Turnbull v. Brown

MR. CHIEF JUSTICE ADAIR,

(specially concurring).

On January 12, 1952, the trial judge caused to be filed in the office of the clerk of the trial court, a writing comprising some six typewritten pages indicating the judge’s findings as to the facts and his conclusions as to the law.

While the writing is labeled “Order” yet it serves as the trial court’s findings and conclusions, R. C. M. 1947, secs. 93-5302 and 93-5303, to which exceptions may be taken and filed. See R. C. M. 1947, secs. 93-5305, 93-5306 and 93-5307.

The concluding paragraph of the so-called “order” reads: “The plaintiffs and plaintiffs in intervention may have ten (10) days within which time to file herein exceptions hereto.” But for such quoted paragraph but five days, as prescribed by R. C. M. 1947, sec. 93-5307, would have been allowed for the serving and filing of exceptions to the court’s findings and conclusions.

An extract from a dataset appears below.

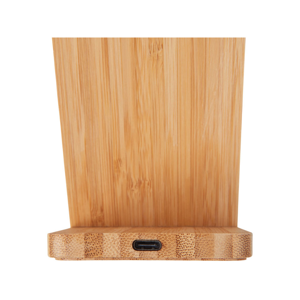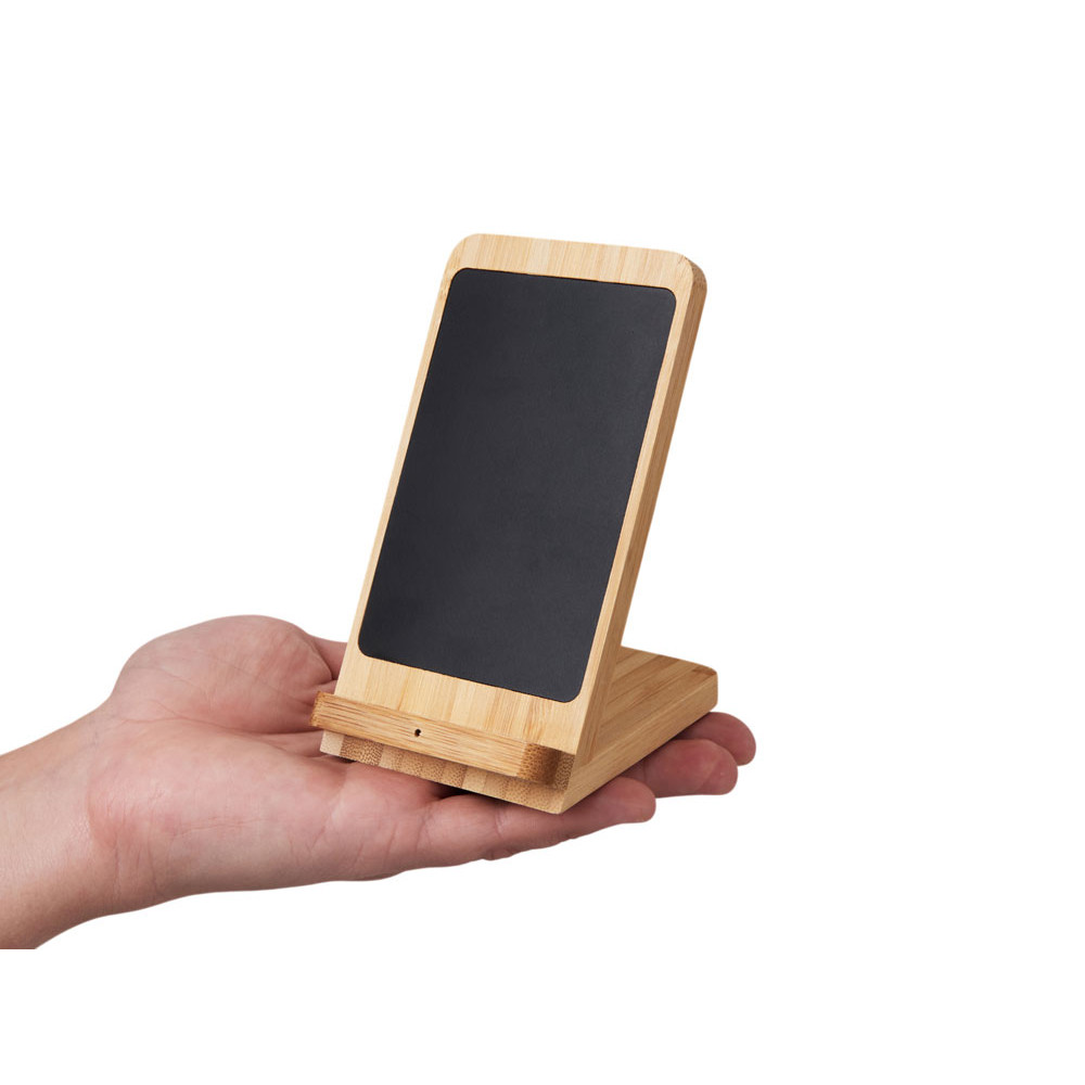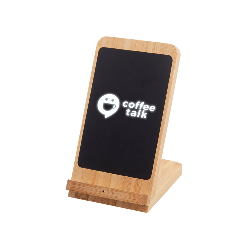 Знакомьтесь с инновационным беспроводным зарядным устройством на 15 Вт — созданным для комфорта, стиля и экологичного образа жизни. Его корпус сочетает натуральный бамбук и переработанный ABS-пластик, даря не только приятную на ощупь текстуру, но и выражая вашу заботу об окружающей среде. Уникальная конструкция с двумя центрами зарядки позволяет заряжать смартфон как в вертикальном, так и в горизонтальном положении — идеально для просмотра видео, видеозвонков или навигации во время зарядки. А встроенная белая подсветка с возможностью нанесения логотипа превращает зарядку в персонализированный аксессуар: ваш бренд или имя мягко светится, добавляя атмосферу уюта и премиальности.

Without serving or filing any exceptions or waiting for the ten days so allowed by the trial court to expire, the plaintiffs on January 19, 1952, and in advance of the entry of any final order or judgment, served and filed notice of appeal from the so-called “order” filed seven days previous.

There has been no final judgment or order entered in this cause. The findings of fact and conclusions of law so filed on January 12, 1952, cannot take the place of a final order or judgment, so as to make the proceedings leading thereto reviewable in advance of the making and entry of such final order or judgment. See Conway v. Fabian, 108 Mont. 287, at pages 302, 303, 89 Pac. (2d) 1022; Woodward v. Perkins, 119 Mont. 11, at pages 14, 15, 171 Pac. (2d) 997; Diebold v. Diebold, 74 Colo. 557, 558, 223 Pac. 46, 47.

For these reasons and upon authority of the statutes and cases above cited I concur in the result ordered.